Small Power, Big Grid: Part 3
he Emerging Relationship Between Distributed Energy Resources and the Transmission System
DERs AND TRANSMISSION SYSTEM PLANNING: Dreaming the (Not-So) Impossible Dream
This blog is the third in a series on the relationship between distributed energy resources or “DERs” (energy efficiency, demand response, rooftop solar, electric vehicles and other storage and other customer-driven resources) and the transmission system.
Electric transmission system planning, which is necessary to ensure grid reliability at fair costs to customers, is also essential to ensuring that sufficient transmission gets built to transport wind and solar power long distances and that we don’t build too much infrastructure or unnecessarily lock-in an outdated and often uneconomic coal fleet. That’s why it’s important to identify—and, to the extent technically and legally possible, remove—existing barriers to incorporation of DERs like energy efficiency and local solar generation into the system planning process. The need for better incorporation of DERs holds true not only at the load forecasting stage but also in the consideration of solutions to identified transmission grid reliability and economic needs.
First, how does regional transmission system planning work?
Through the Federal Energy Regulatory Commission (FERC), the federal government regulates the interstate transmission system while states are in charge of their intrastate distribution systems. Think about the transmission system as the high voltage backbone of our electric grid.

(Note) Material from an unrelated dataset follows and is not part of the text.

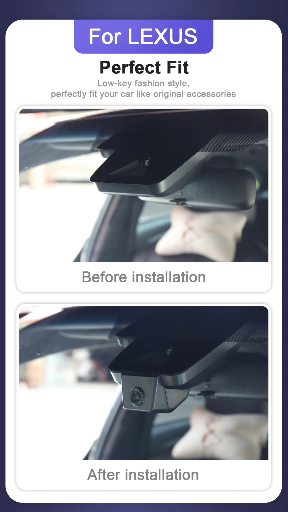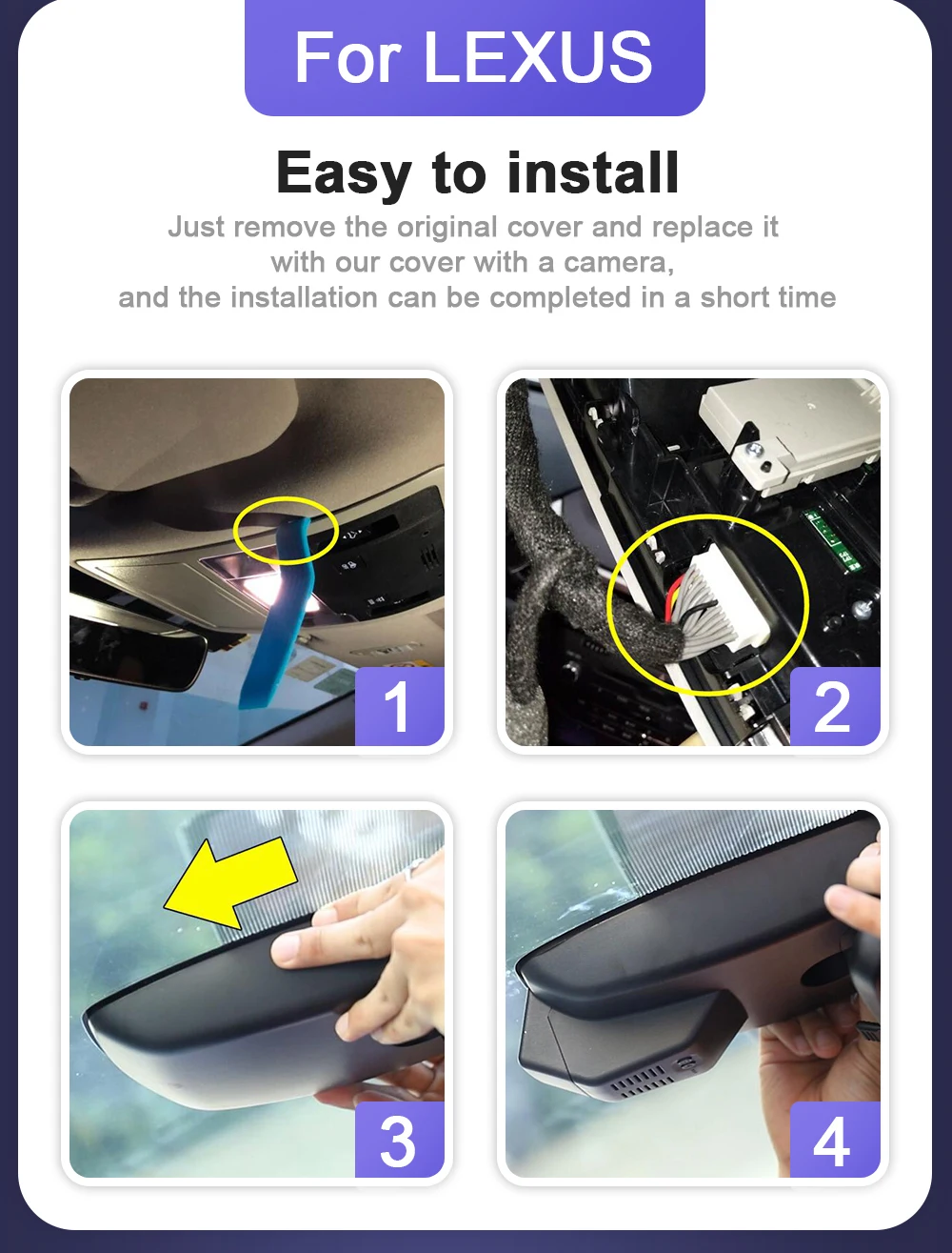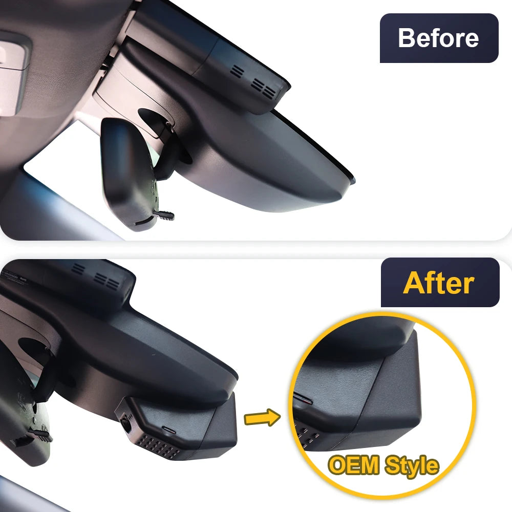 Just remove the original back cover and replace it with our dashcam and it takes a short time to install.

High-voltage transmission lines connect to utility substations, at which point the power flow is stepped down in voltage and then (under the regulation of states) pushed out across distribution lines into our homes and businesses. Under federal law and regulation, entities that own transmission infrastructure that cross state lines, known as transmission-owning utilities, may be separate from, affiliated with, or part of the same company as distribution utilities that supply power to consumers. For example, BG&E and ComEd are utility members of the broader Exelon family; both own transmission and distribution and are therefore regulated by both FERC and their states. ITC, differently (which operates in Michigan and other Midwestern states), is independent from any distribution-level affiliates but is regulated by FERC as a transmission-owning utility. FERC requires all transmission-owning utilities subject to its jurisdiction (which excludes cooperatives and municipalities) to do planning within their own footprints, as well as at the regional level (thanks to a 2011 FERC rule known as Order 1000). Regions are also required to “coordinate” but not engage in full-fledged planning with their neighboring regions.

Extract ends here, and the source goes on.